## WORK REQUEST:
Everything in the listing except the pictures should be written out exactly.

##### SUPPLIED MATERIAL #####

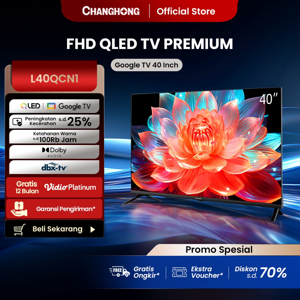 CHANGHONG QLED TV 40 INCH FHD DOLBY AUDIO GOOGLE PLAY NETFLIX YOUTUBE BLUETOOTH USB GOOGLE ASSISTANT SMART TV DIGITAL TV
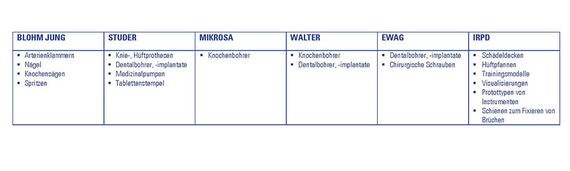 Knochenbohrer, die Löcher bohren, um eben Platten oder Schienen am gebrochenen Knochen zu fixieren, sowie Dentalbohrer und -implantate werden mit den Maschinen der Werkzeugschleifer hergestellt. Besonders scharfe Schneiden und ein exakter Rundlauf sind bei diesen Bohrern nötig. Gleiches gilt für Prothesen etwa in Schulter oder Hüfte. WALTER Maschinen wie die HELITRONIC MINI POWER oder HELITRONIC MICRO kommen dabei zum Einsatz.
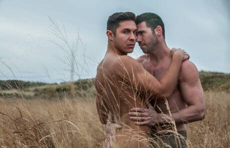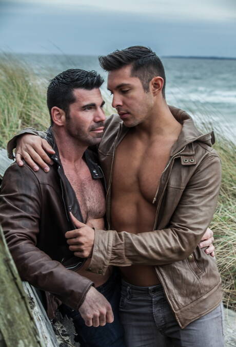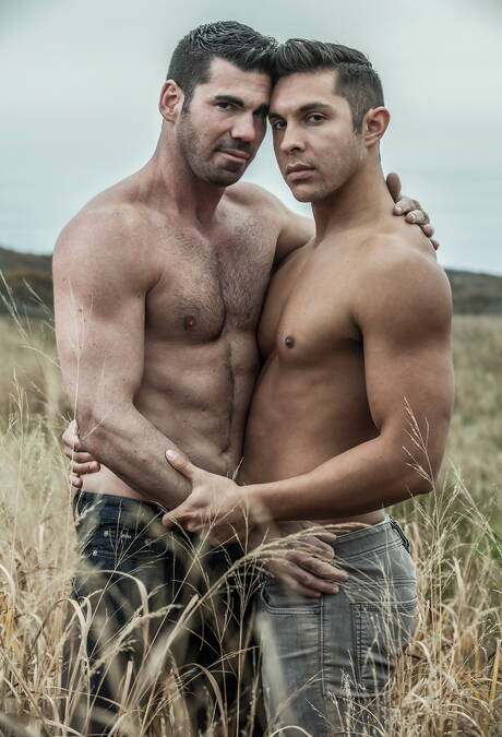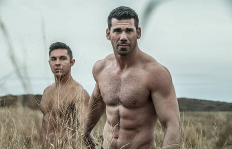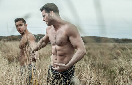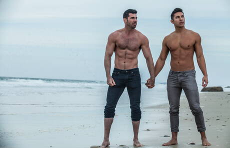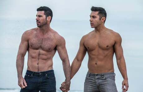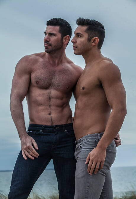 Icon Male: Two american guys muscular Billy Santoro and bodybuilder Seth Santoro shows a muscle body on beach

#####

## EXERCISE ANSWER:
 CHANGHONG QLED TV 40 INCH FHD DOLBY AUDIO GOOGLE PLAY NETFLIX YOUTUBE BLUETOOTH USB GOOGLE ASSISTANT SMART TV DIGITAL TV
 Knochenbohrer, die Löcher bohren, um eben Platten oder Schienen am gebrochenen Knochen zu fixieren, sowie Dentalbohrer und -implantate werden mit den Maschinen der Werkzeugschleifer hergestellt. Besonders scharfe Schneiden und ein exakter Rundlauf sind bei diesen Bohrern nötig. Gleiches gilt für Prothesen etwa in Schulter oder Hüfte. WALTER Maschinen wie die HELITRONIC MINI POWER oder HELITRONIC MICRO kommen dabei zum Einsatz.
 Icon Male: Two american guys muscular Billy Santoro and bodybuilder Seth Santoro shows a muscle body on beach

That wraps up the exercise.